Sheriff Burke eyed the skinny fifteen-year-old sitting in one of the two wooden chairs on the other side of his desk. He knew the kid. Knew him well enough to notice he was wearing his Sunday best, loose-fitting hand-me-downs that hung like clothes on a scarecrow. But still, in these parts anyway, dapper enough for God.
Burke reached for his cup of hot coffee. “And what bodies are those, Seth?”
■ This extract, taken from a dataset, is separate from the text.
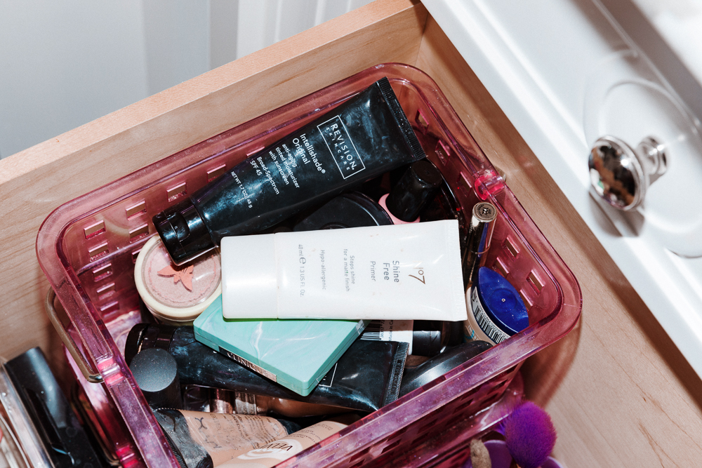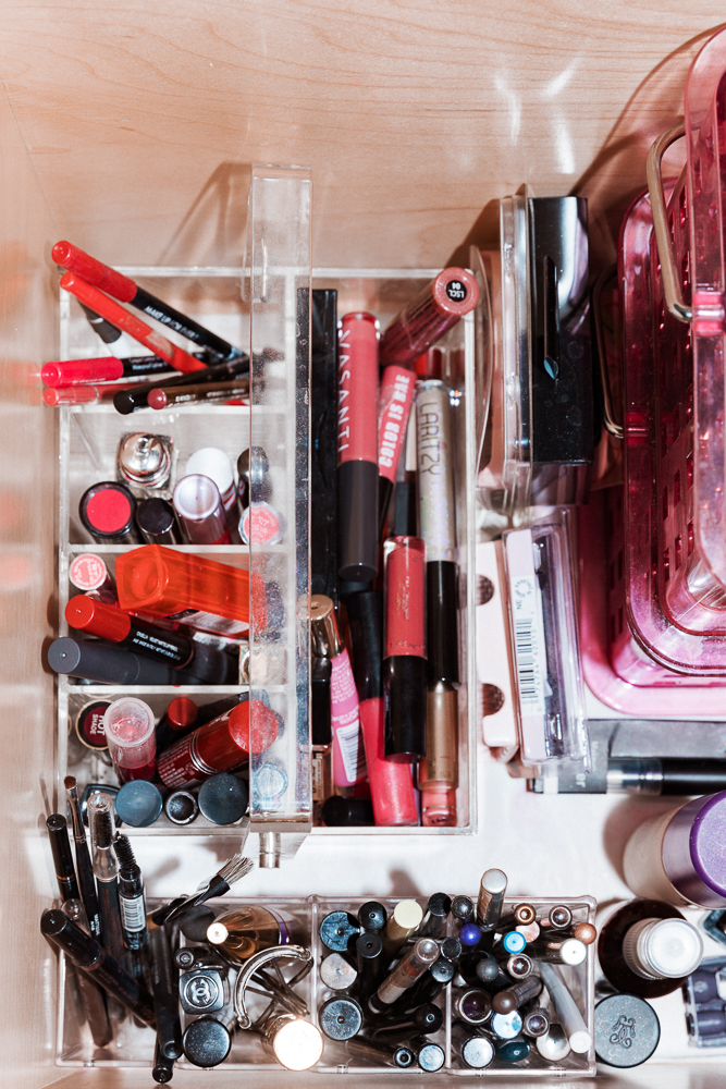 If I have something during the day that I want to look good for, I will use tinted moisturizer, or I’ll even just use a little foundation mixed in with my moisturizer if I don’t have the right tinted moisturizer around. I’m big on that, and then a little bit of eyeliner. I have a little bit of everything—I have a Benefit one I use a lot, and I have a MAC one I use a lot. For liquid liner, which I really like doing, I have a really good Kat Von D one, from Sephora. I like to curl my eyelashes and put on mascara, and a little lip balm. For mascara I just use Maybelline Great Lash, the waterproof one. I really need a waterproof one, because I’m outside so much. I put the Kiehl’s balm on every day and every night. I have a couple tinted ones. I’m really simple and natural, but because I don’t get a chance to wear makeup during the day a lot—and now because I have an almost five-year-old son I don’t go out at night as much as I would like—when I do get the chance to go out, I really have fun with makeup. I used to do a lot of art, so I think I’m really drawn to painting, coloring, and things like that. So much of putting on makeup is like painting your face, understanding how to use a brush or a liner, and actually having fun with it. I don’t use so much [foundation] because I like my natural skin, but I will do some for nighttime. I rarely use primer—I have one from No7, but I always forget to put it on. Then once I put on the foundation I remember instantly. I have the Sweet Cheeks blush from Bombshell Cosmetics, and I like it because it’s the only blush that I have right now. [Laughs] It’s just what I use! I like doing a lip—especially because I have dark hair, I feel like doing a liquid eye and a bright lip is a really great look. I like a really good strong red, like this one from Trestique. I always love things that are smaller in size when it comes to cosmetics. Because I don’t wear so much makeup, I don’t go through things as much as some people do. I also travel a lot, when something’s in a smaller package it seems better. I don’t need a huge lipstick, or a huge thing of blush. I need something small that I can travel with, and that I will use.

The boy pulled a Bible from under his arm and set it on the desk. “The ones you and Deputy Wayne been lookin’ fur.” Seth took a quick look around. “Where is the Deputy, anyhow?”
Burke followed the boy’s gaze around the tiny police station. It was a place anyone could take in at a glance. Two desks and a small dispatch area, decked out in equipment circa 1967, made up the brunt of the station’s innards. Toward the rear of the one-room station was a long window hidden behind worn drapes the color of dried blood, and two iron-barred holding cells. An orange discoloration peppered the bars and locks—locks so old Burke wasn’t even sure if they worked. Not that it mattered much in a quiet, mostly forgotten place like Thankful, Alabama.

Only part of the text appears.